With across-the-board cuts in federal spending expected to begin Friday with the sequester, those with the New River Gorge National River are bracing for impact.
Acting superintendent at the park Debbie Darden said the first thing they will be doing is cutting back on anything that is not considered essential.
“Travel, training, printing, those kinds of things stop immediately,” said Darden.
Along with that, Darden expects less summer and seasonal workers to be hired. In an average year, the park will hire anywhere from 25 to 30 seasonals.
“This would mean that nine of those, about a third of those seasonals, we would not be able to hire,” said Darden.
This would be a big hit to the 70,000 acre park which relies heavily on providing a high level of service for visitors.
Less seasonal workers means less Visitor Use Assistants. Fewer Visitor Use Assistants, Darden said, means Park Rangers would have to pick up the extra workload of performing the assistant’s duties.
“They come around to the campgrounds, they register you, they pick up the trash, they provide information, they drop the river people off where they get in the river and pick them up when they come off,” said Darden.

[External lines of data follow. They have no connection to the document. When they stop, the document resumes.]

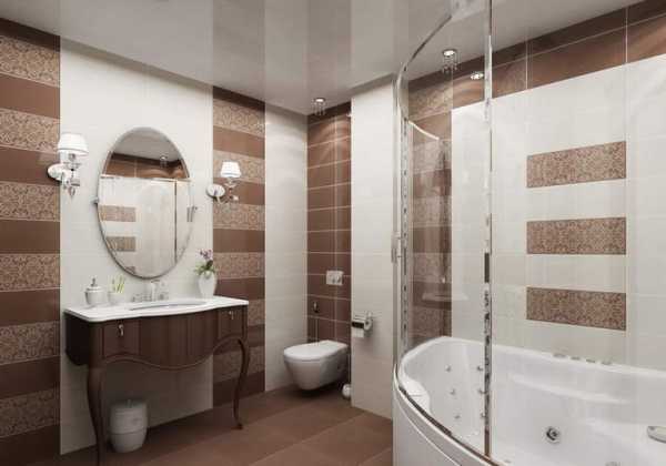 Акцентируем ваше внимание на цветовом решении: три основных цвета, два из которых используются на потолке, выгодно подчеркиваются акцентами другой фактуры. Такой прием хорош для просторных ванных комнат — он делает их визуально еще больше, зонируя при этом пространство.
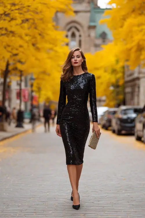 A long-sleeve black sequin midi dress is perfect for a fancy dinner or theater night. Pair it with black pumps and a metallic clutch for a look that stands out without extra effort.
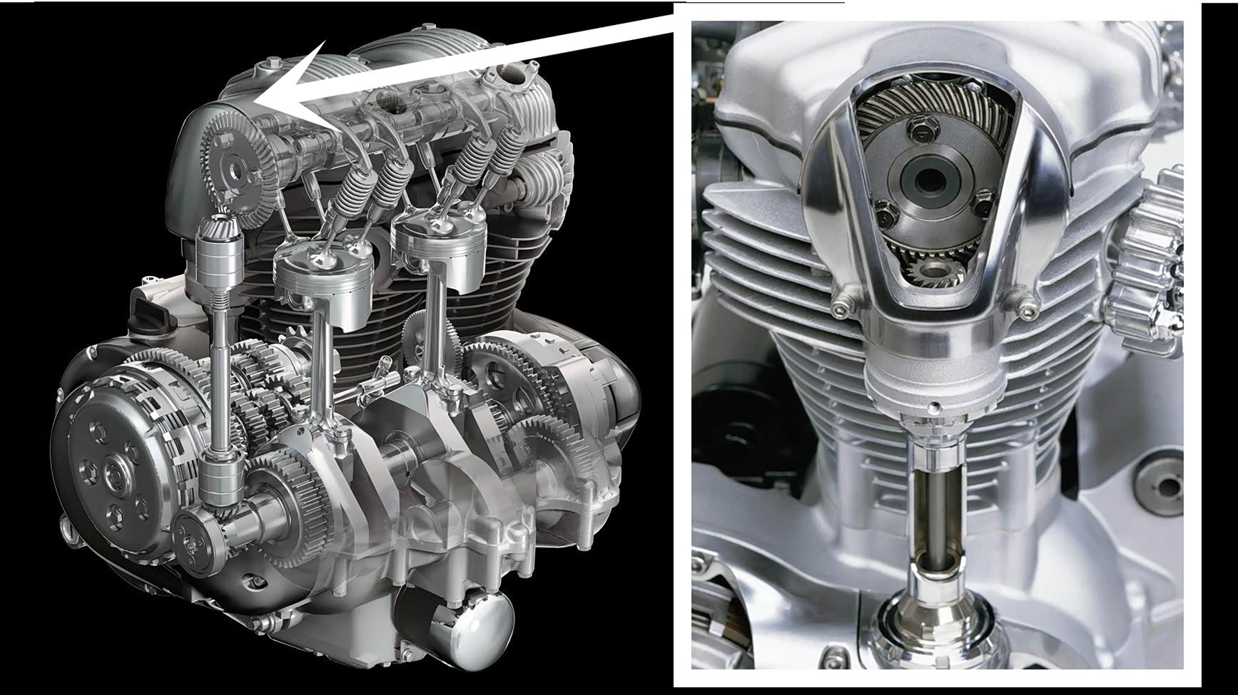 W800 Street气门机构比较独特,采用的是轴和伞齿轮驱动凸轮轴。这种结构显著增加了直列双缸古典韵味,启动后伞齿轮发出的金属质感很强的呜呜声,成为W800 Street独特个性的组成部分。
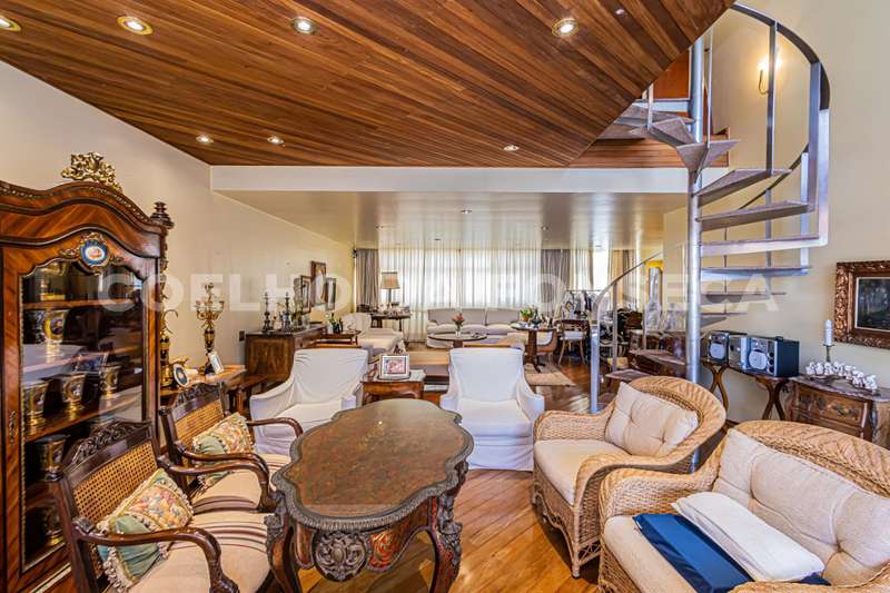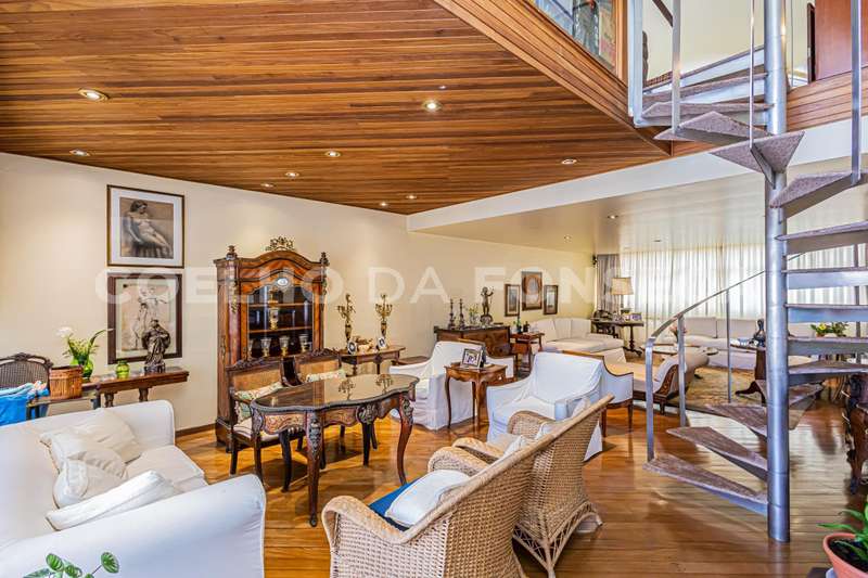 Apto em andar alto com linda vista definitiva, face norte, amplo living, único apto no predio com pé direito duplo onde foi possivel realizar mezanino sobre o living com a mesma bela vista, 5 dormitórios sendo duas suites a master com dois closets grandes
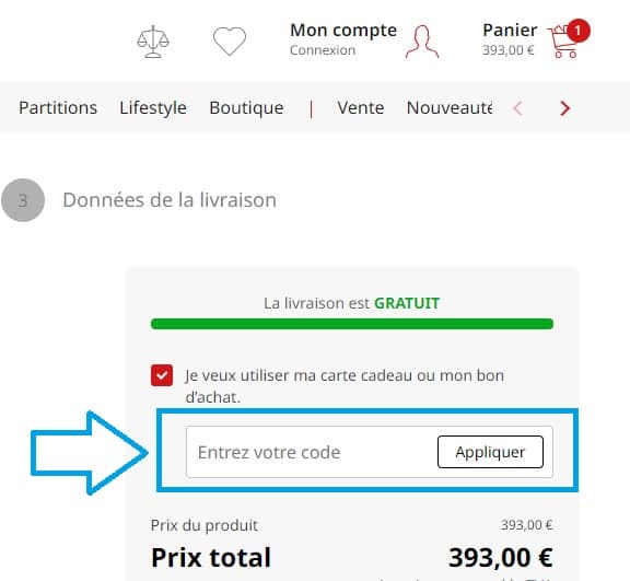 - Avant de finaliser votre paiement, vérifiez que votre code de réduction Kytary.fr a bien été appliqué à votre commande.
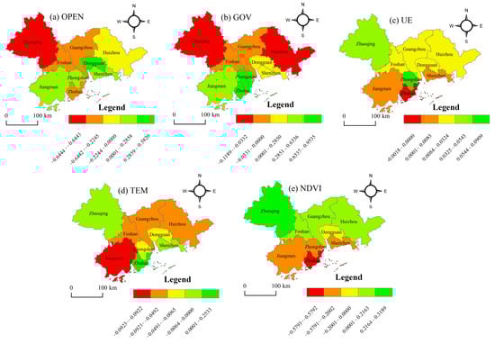 From the perspective of the natural factors, the coefficients of the TEM were mostly negative, with the exception of those in Shenzhen, Zhuhai, and Zhaoqing. An increase in temperature often has an inhibitory effect on grasslands and forests [], which leads to the heat island effect and restricts coupling and coordinated development. The coefficients of the NDVI were positive in the north and negative in the south, exhibiting significant agglomeration characteristics. The promoting effect extended from Zhaoqing to the east, and the inhibiting effect extended from Zhuhai to the surrounding cities.
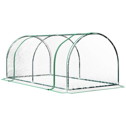 Serre de jardin tunnel serre à tomates dim. 2L x 1l x 0,8H m 2 portes zippées bâche PVC transparent acier époxy vert
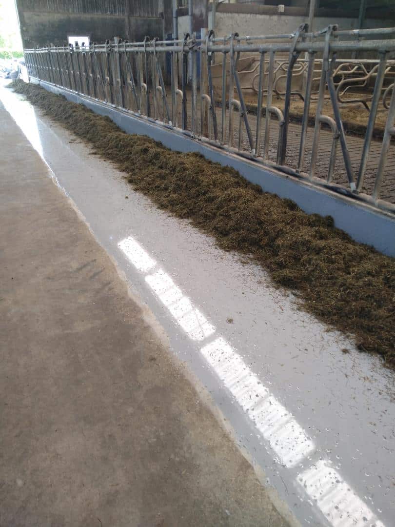 In Aalden werden de voergangen van deze melkveestal in oktober 2023 door de boer zelf gecoat. een groot project van maar liefst 150 meter lengte aan voergang. De voergang werd met een breedte van 1,5 meter aangebracht.
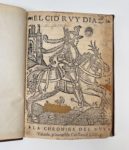 [ANONYME] El Cid Ruy Diaz : La chronica del muy valerolo y invencible cavallero el Cid Ruy Diaz campeador. Gravure de titre avec manque et restauration, coupée court par le relieur. Une mention manuscrite “ano de 1505”. Texte complet, quelques...
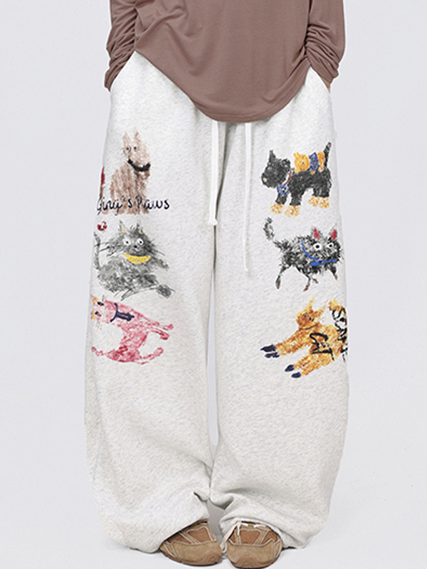 Pantalones de chándal holgados con estampado de letras y estrellas para hombre
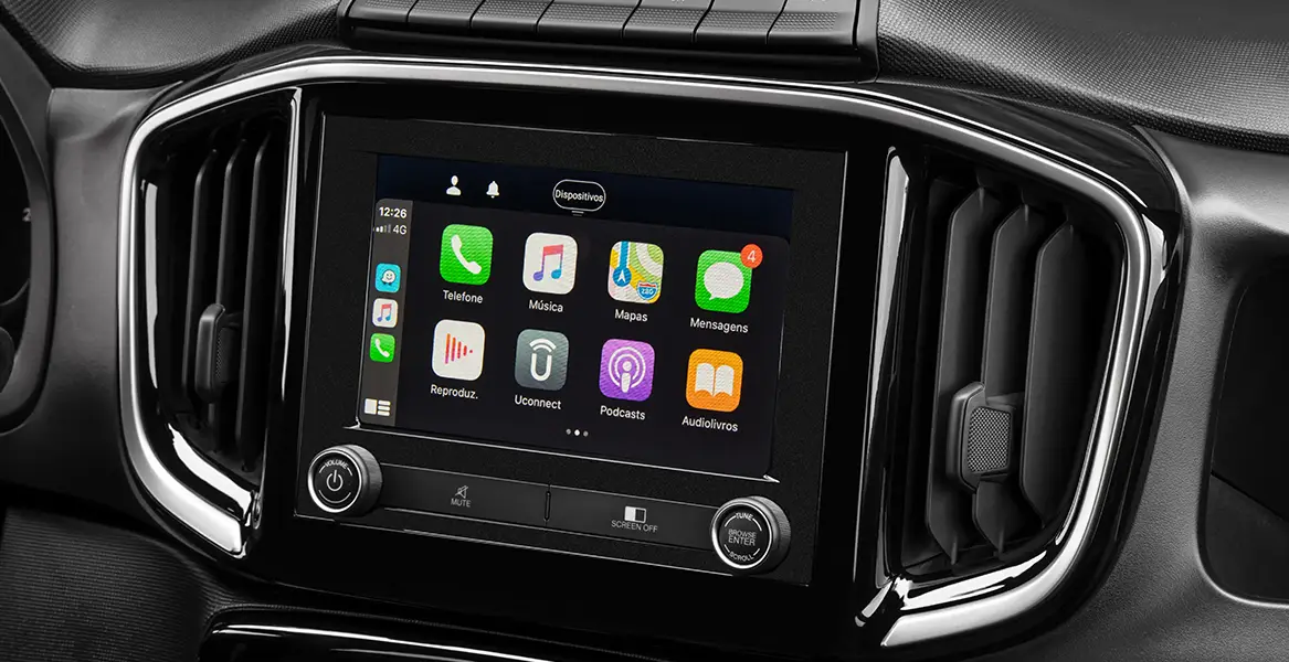 • Central Multimídia de 7" com tela touchscreen e sistemas Android Auto e Apple Car Play com conexão Wireless, Volante multifuncional, Conexão Bluetooth, Entrada USB, Sistema de reconhecimento de voz
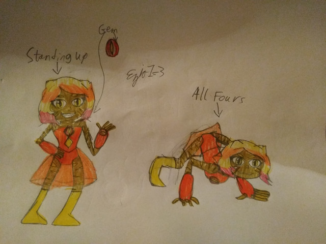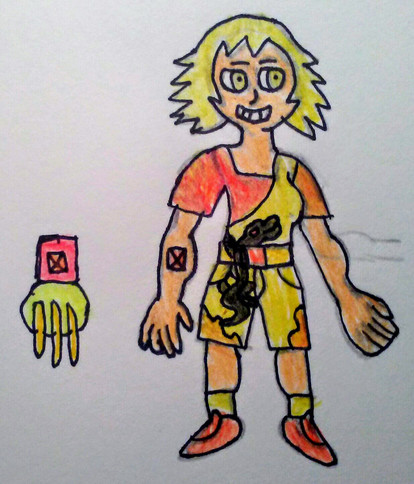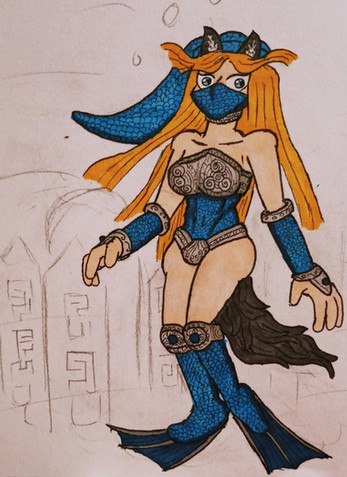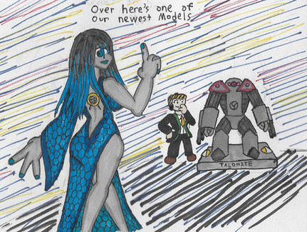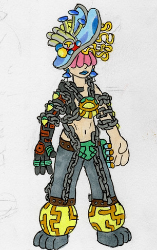 An OC I formalized this week. I haven't pinned down her lore yet. What I have at present:Tanzanite is a one-off prototype android from a future Earth. Her creators mostly build utility robots, and she serves as a company mascot. Due to some weird shell company arrangements, she also owns herself.

In addition to hiring fewer workers, Darden adds that portions of the park could remain closed for the summer.
Darden said Thurmond would remain closed and certain parts of Grandview .
“People could still go to Grandview , they could still go to the picnic shelters, they could still go to the playgrounds,” said Darden. “The visitor contact station itself would be closed.”
The theater inside Grandview would also not be impacted in any way.
In addition to the New River Gorge National River , the Gauley River National Recreation Area and the Bluestone National Scenic River would be impacted in some way as well by the cuts.
Darden said many facets of the operation will be impacted by the changes because everyone will take a portion of the cut.
Darden adds that the only way the impact could be lessened at the park is if they were able to find enough people to volunteer.